I write about literally everything; last year I wrote more about the struggles I was going through. The learning to let go of the pain, my healing process, and the journey through my new chapter. I woke up this morning, and I am at peace. I love myself, I love my child, I love the people in my life, I am loved, and I am whole again.
To be able to say that is power I cannot begin to describe.After my separation, I took time to go heal. I went home to process my new reality. I worked on myself, felt the pain, and am still learning to let go of the behaviors that came with that loss. To forgive myself for the things I did for love, to forgive him for the things that hurt, and even to look at the realities of what transpired.
Broken relationships break a person, and so you build walls to protect yourself from the possibility of it happening. And walls I built. Not realizing how much guarded I was, I continued my life. Then one day it was pointed out how I have a pattern, and I went to reflect. Lo and behold the walls of Jericho, set so tall they weren’t going to break easy.
The reality is most people go back to dating when they have walls to protect them.I am me, and mental health is very important to me. So I went back to the journey of self-therapy. A journey that has taken months longer than I thought. Painful process, if you ask me, because it’s easy to lie to your therapist about these things. It’s easy to tiptoe around your friends when they ask how you are doing. Try lying to yourself and see how that goes.

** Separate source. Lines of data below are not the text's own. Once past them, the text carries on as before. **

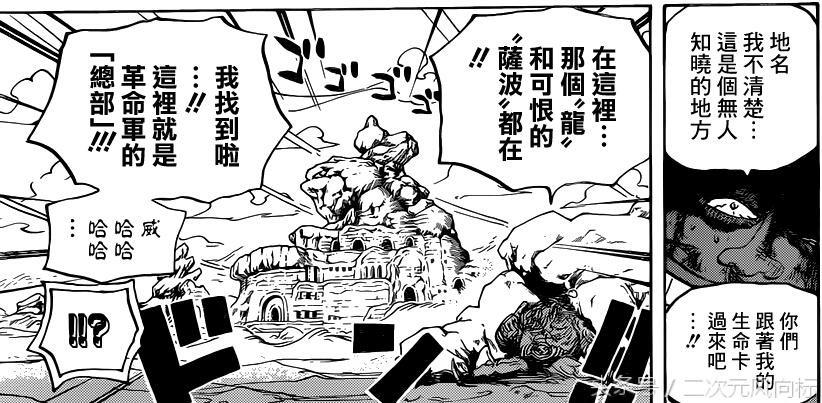 巴基斯和黑胡子海贼团已经知道龙的据点,以黑胡子的脑子,绝不会选择与龙硬碰硬,而是会选择把情报卖给世界政府,世界政府应该会以大将黄猿攻打革命军,如果海军采取速战的策略,藤虎也许会参与这次作战,不过期待已久的绿牛也可能出场。革命军的话,正好召集了各地领导人来开会,遇到大将自然不会硬钢,而会选择战略转移,不过还是无法避免作战,黑胡子可能也要插手捞一笔,龙应该会显示部分本领了。不过巴基斯歪打正着到了革命军基地为什么那么兴奋呢,会不会黑胡子的任务之一就是找革命军,那革命军中到底有什么呢,会不会是与青雉和黑胡子的交易有关,很可能的交易情况就是青雉与黑胡子联手抓住龙,逼问古代兵器的线索,而青雉要搞清楚恶魔果实的事!
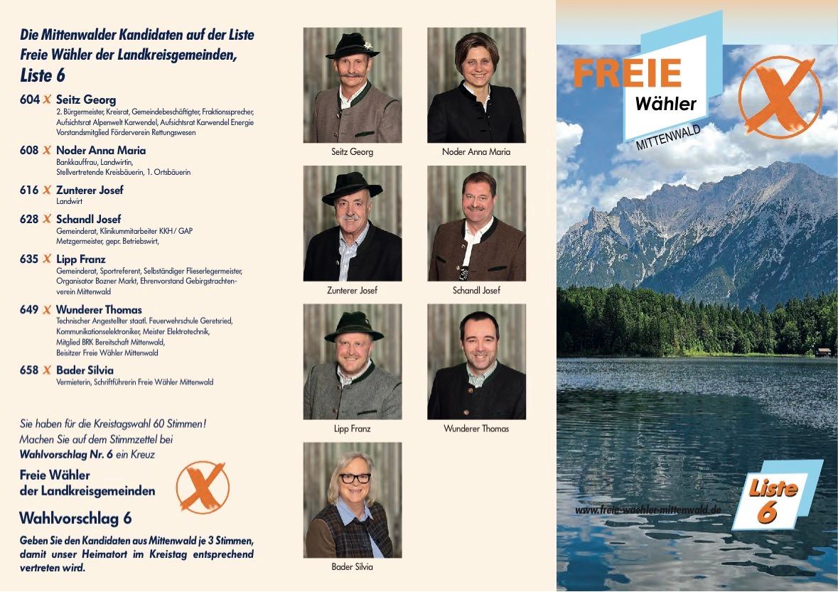 1. Florian Lipp (Maurer- und Betonwerkmeister); 2. Anna Maria Noder (Landwirtin/Bankkauffrau); 3. Franz Lipp, (Fliesenlegermeister); 4. Josef Zunterer junior (Gastwirt/Hotelier); 5. Josef Gerlach (Installationsmeister/Energieberater); 6. Georg Seitz (Zweiter Bürgermeister/Bauhofarbeiter; 7. Martin Echter (Förster); 8. Melanie Gallenberger (Baumarktangestellte); 9. Thomas Post (Spengler); 10. Michael Seitz (Landmaschinenmechaniker); 11. Hans Hornsteiner (Wasserbauer); 12. Silvia Bader (Vermieterin); 13. Peter Plötze (Schreinermeister); 14. Marianne Lipp (Vermieterin/Verwaltung Betonwerk); 15. Dr. Christian Edlhuber (Zahnarzt); 16. Franz Jais (Schweißermeister); 17. Silvia Badstüber (Chemielaborantin); 18. Maria Theresa Schreier (Bankkauffrau); 19. Martina Schreier (Einzelhandelskauffrau); 20. Thomas Wunderer (Rettungssanitäter) – Ersatzmann: Eckard Haug (Chemiker). ha
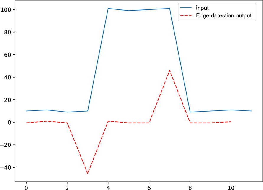 An edge is defined as a sharp change in the values in an input array. For instance, if two successive elements in the input array have a large absolute difference in values, that is an edge. If we graph the input array (that is, plot the input array values in the y axis against the array indices), an edge will appear in the graph. For instance, consider the input array in figure 10.3 (graphed in figure 10.6). At indices 0 to 3, we have values in the neighborhood of 10. At index 4, the value jumps to 51. We say there is an edge between indices 3 and 4. The values then remain in the neighborhood of 50 at indices 4 to 7. Then they jump back to the neighborhood of 10 in the remaining indices. We say there is another edge between indices 7 and 8. The convolution we examine here will emit a high response (output value) exactly at the indices of the jump—3 and 7—while emitting a low response at other indices. This is an edge-detection convolution (filter). Why do we want to detect edges? Because edges are important for understanding images. Locations at which the signal changes rapidly provide more semantic clues than flat uniform regions. Experiments on the human visual cortex have established that humans pay more attention to locations where color or shade changes rapidly than to flat regions.
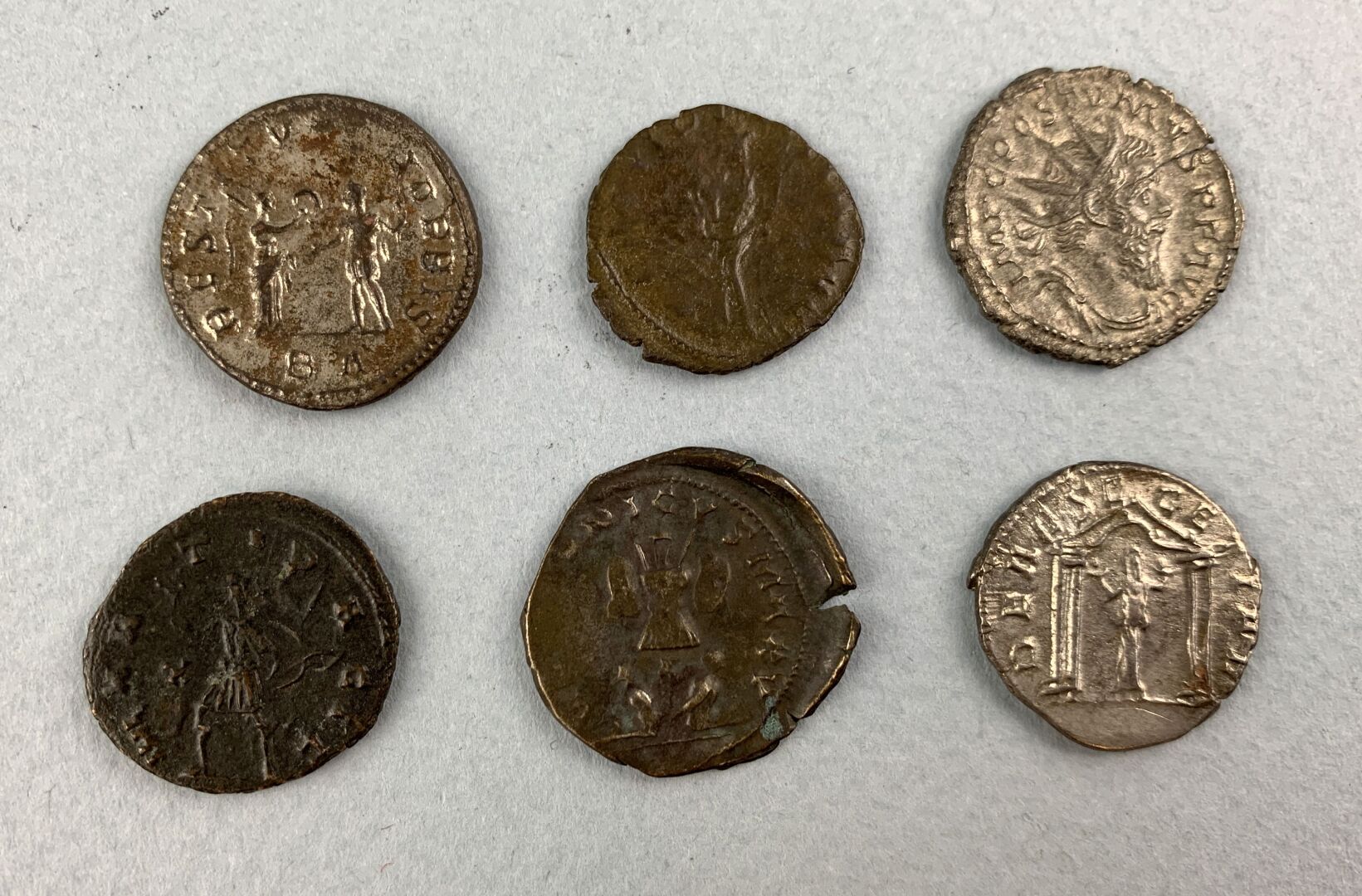 32 RÉSULTAT: 120 € ESTIMATION: 60 / 80 € Monnaie romaine Empire – Lot de 6 Antoniniens dont 1 Quintille Poids argent : 8 g

I woke up this morning very fulfilled. It may have been a long journey, but I am whole again.
I write this with so much pride and joy. I have been to the depths of pain, and now I can smile. Oh to have this moment, to be at peace, and to be grateful.
One advice I can give is to take responsibility for your mistakes. For putting yourself in a position to be hurt, for staying longer than you should have. Accept the things you did wrong and forgive the other person for breaking your trust like that. Forgive those who tried to talk you back into the pain; forgive those that were in a position to help and didn’t. Forgiveness isn’t about letting them go without consequences; it is about letting yourself go. Allow yourself to feel the pain so you can set yourself free from all of it.
Looking back, it took longer than I thought it would. But today I can look back and say this I Prayed For 🥰.
So here’s to the start of a new era, to being happy, to being content, and to experiencing new things. Indeed, the old has gone and the new has come—the start of an era. The most important lesson I have learned is that it’s never too late to unlearn. It takes strength to ask for help. Baby girl era, Happy Girl Era.